All of these experiences led Robert Rich to move from being a scientist, to being musician with a scientific mind.
“I had the sense that the only thing that I was capable of doing with my introverted personality was to try to find ways of being a 21st century shaman, and to guide people through experiences that would show them new kinds of beauty or understanding that actually made sense in a modern world,” said Rich.
That’s a lot to put on your back, but Robert Rich has been doing it for 35 years. Most musicians talk about the cosmos and questions of existence in broad and abstract terms, like when Yes’ “mountains come out of the sky and stand there.” It’s often just dressing that’s hung on their music as metaphorical context. But Robert Rich’s music actually explores things like the relationship of nucleotide sequences.

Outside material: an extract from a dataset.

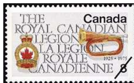
1975 Royal Canadian Legion issue

A 1939 issue shows the National War Memorial on Parliament Hill in Ottawa. The memorial was originally constructed to honour Canadians who died in World War I. The dates 1939-1945 and 1950-1953 were subsequently added for those who served in World War II and the Korean War. The memorial features 22 figures advancing through a granite archway, representing all branches of the armed forces who served in World War I. Atop the arch are two large bronze figures representing Victory and Liberty. The War Memorial is the site of Canada's annual National Remembrance Day Service. The Tomb of the Unknown Soldier is at the base of the memorial.

“If you take that piece “Telomere”, you know, about DNA, and you realize it’s about timing,” he says, as if explaining the obvious. “it’s about clocks, and so there’s one element, this sort of heartbeat rhythm that actually permeates the whole album. And just limiting it right down to a pulse and that pulse is like the heartbeat. And that’s our human timekeeper, isn’t it? It’s the thing that that keeps us alive, but also sort of counts the seconds,” details Rich. “And musical rhythm always ties into that heartbeat. And then the extremely fast, and medium and slower cycles of the melodies that are interlocking with each other are playing around with these experiences of time. As we focus on one thing or another thing, our mental construct of time changes, and so when the music has these multiple layers of counting, it creates the ability to shift attention from one mode of time scale to another. And that to me is a little bit like the expanding out from the heartbeat to a lifetime or to cell divisions and to the different layers of time and all the way out to the biggest to deep time and the lifetime of the universe and what a little spec, what a brief blip we are,”
Robert Rich isn’t going out of his way to make brainy electronic music. It’s just the way he sees the world.
“For me, that fragile, precarious aspect of existence is wondrous and a little scary, you know,” he says. “realizing that an errant solar flare could pretty much obliterate all of the life on this planet, you know, at any time. How completely powerless we are. And so that becomes art then. That becomes the question. When we start looking at ourselves in this precarious place, then it becomes sort of magical and then I can start coming up with ideas.”
For all his scientific and cosmic ideas, Robert Rich has created some of the most beautiful and sensually enveloping albums of the last 35 years. Rainforest, Propagation, Seven Veils, and the 7 hour long Somnium are only a few of the recordings where Rich creates elaborate worlds and microscopically detailed environments. Filaments continue that tradition. It’s has been released on Soundscape productions.